The decision at each step is made with one character of lookahead. That's it. No token buffer. No lookahead table. Just: is the next character a < or not?

The Call Stack is the Tree

This is the elegant part. When you trace through parsing <div><p>Hello</p></div>, the Go call stack at the deepest point looks exactly like the DOM tree being built:

%%{init: {'theme': 'base', 'themeVariables': {'fontSize': '14px'}}}%%
sequenceDiagram
    participant Top as Parse()
    participant N1 as parseNodes L1
    participant E1 as parseElement div
    participant N2 as parseNodes L2
    participant E2 as parseElement p
    participant N3 as parseNodes L3
    participant T as parseText()

    Top->>N1: start
    N1->>E1: sees div
    E1->>N2: recurse children
    N2->>E2: sees p
    E2->>N3: recurse children
    N3->>T: char != '<'
    T-->>N3: TextNode Hello
    N3-->>E2: [TextNode]
    E2-->>N2: ElementNode p
    N2-->>E1: [ElementNode p]
    E1-->>N1: ElementNode div
    N1-->>Top: [ElementNode div]

The recursion unwinds exactly as the closing tags are consumed. Each parseElement call stays on the stack until its matching </tag> is found.
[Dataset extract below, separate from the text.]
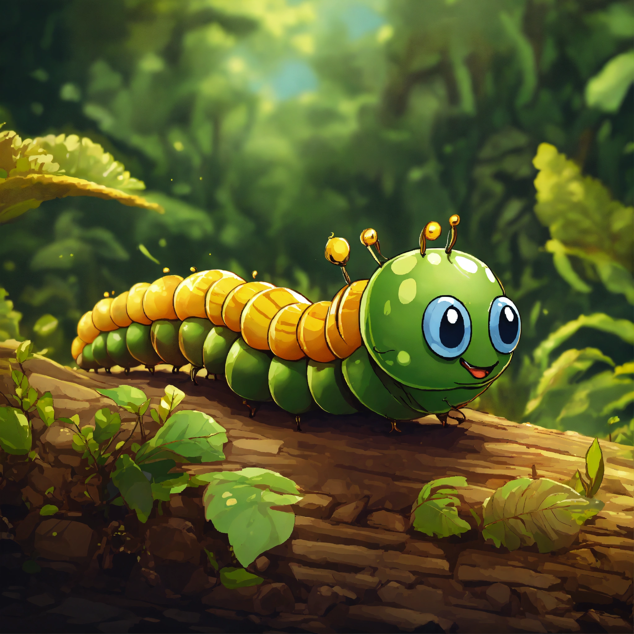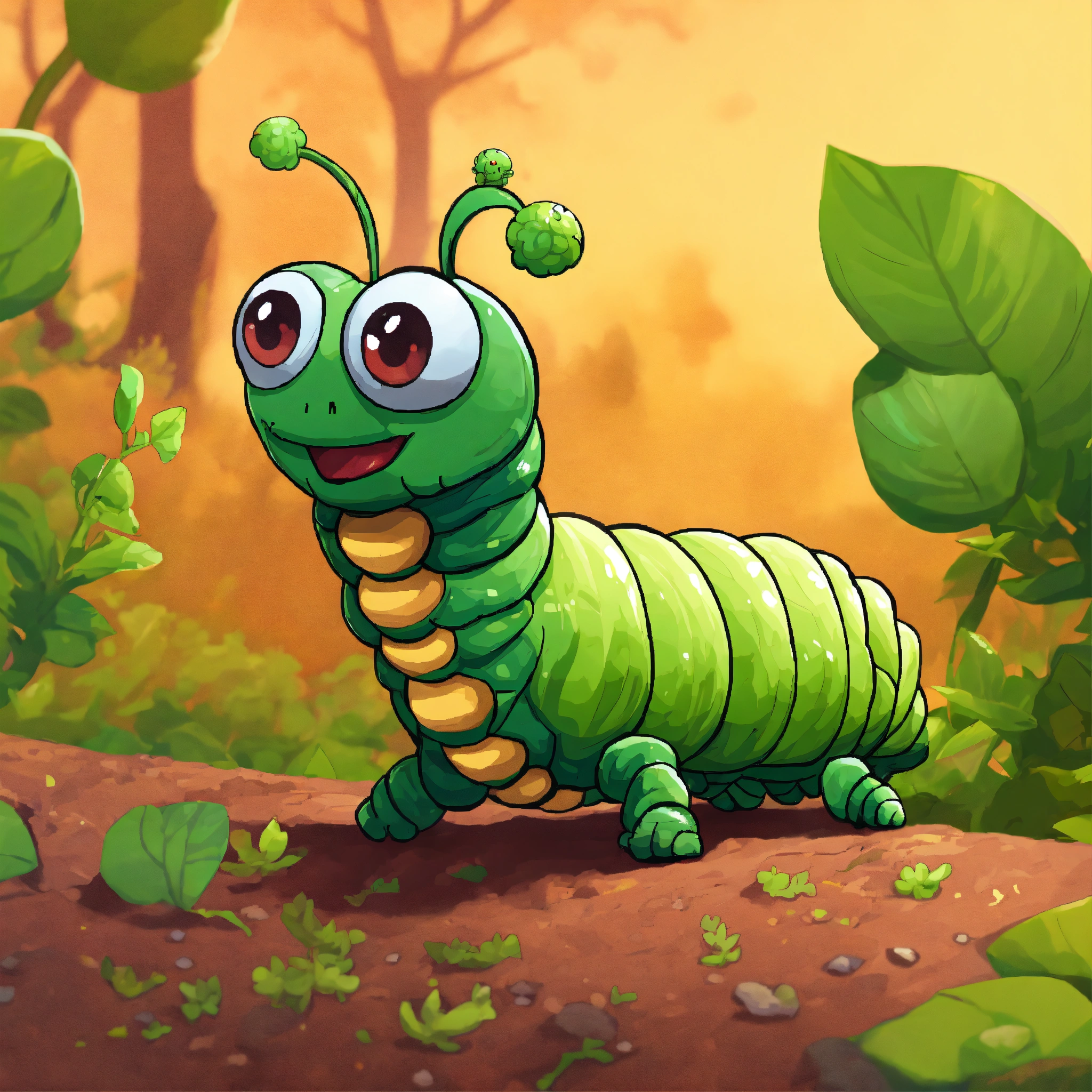 Natural animal inchworm caterpillar, 8k, high quality, oldschool, wise, competative, cartoon, comicbook, pixelart

The tree builds itself from the inside out.

Full Parse Flow: State Machine View

%%{init: {'theme': 'base', 'themeVariables': {'fontSize': '14px'}}}%%
stateDiagram-v2
    [*] --> ParseNodes : Parse() called

    ParseNodes --> ConsumeWS : loop start
    ConsumeWS --> CheckExit

    CheckExit --> Done : EOF or closing tag
    CheckExit --> ParseElement : nextChar == '<'
    CheckExit --> ParseText : nextChar != '<'

    ParseElement --> ReadTag : skip '<'
    ReadTag --> ParseAttrs : consumeIdentifier()
    ParseAttrs --> ParseAttr : more attrs
    ParseAttr --> ParseAttrs : loop
    ParseAttrs --> SkipBracket : char == '>'

    SkipBracket --> ParseNodes : recurse children
    ParseNodes --> ClosingTag : closing tag found
    ClosingTag --> ParseNodes : return node

    ParseText --> ParseNodes : text node returned
    Done --> [*] : return nodes

A Complete Worked Example

Let's trace <h1 class="title">Hello</h1> from start to finish:

Input: <h1 class="title">Hello</h1>
       ^pos=0

parseNodes() called
  consumeWhitespace() — nothing to skip
  nextChar() == '<' → call parseElement()

    parseElement():
      consumeChar() → '<'  pos=1
      consumeIdentifier() → "h1"  pos=3
      parseAttributes():
        consumeWhitespace() — skips ' '  pos=4
        nextChar() != '>' → parseAttribute()
          consumeIdentifier() → "class"  pos=9
          consumeChar() → '='  pos=10
          consumeChar() → '"'  pos=11
          consumeWhile(≠'"') → "title"  pos=16
          consumeChar() → '"'  pos=17
          return ("class", "title")
        consumeWhitespace() — nothing
        nextChar() == '>' → STOP
        return {"class": "title"}
      consumeChar() → '>'  pos=18

      parseNodes() ← RECURSE for h1's children
        nextChar() == 'H' (not '<') → parseText()
          consumeWhile(≠'<') → "Hello"  pos=23
          return TextNode{"Hello"}
        nextChar() == '<'
        input[pos:] starts with "</" → BREAK
        return [TextNode{"Hello"}]

      consumeChar() → '<'  pos=24
      consumeChar() → '/'  pos=25
      consumeIdentifier() → "h1"  pos=27
      consumeChar() → '>'  pos=28

      return ElementNode{
        TagName: "h1",
        Attr:    {"class": "title"},
        Children: [TextNode{"Hello"}]
      }

parseNodes() returns [ElementNode{h1}]

Done. 28 characters processed. A complete subtree returned.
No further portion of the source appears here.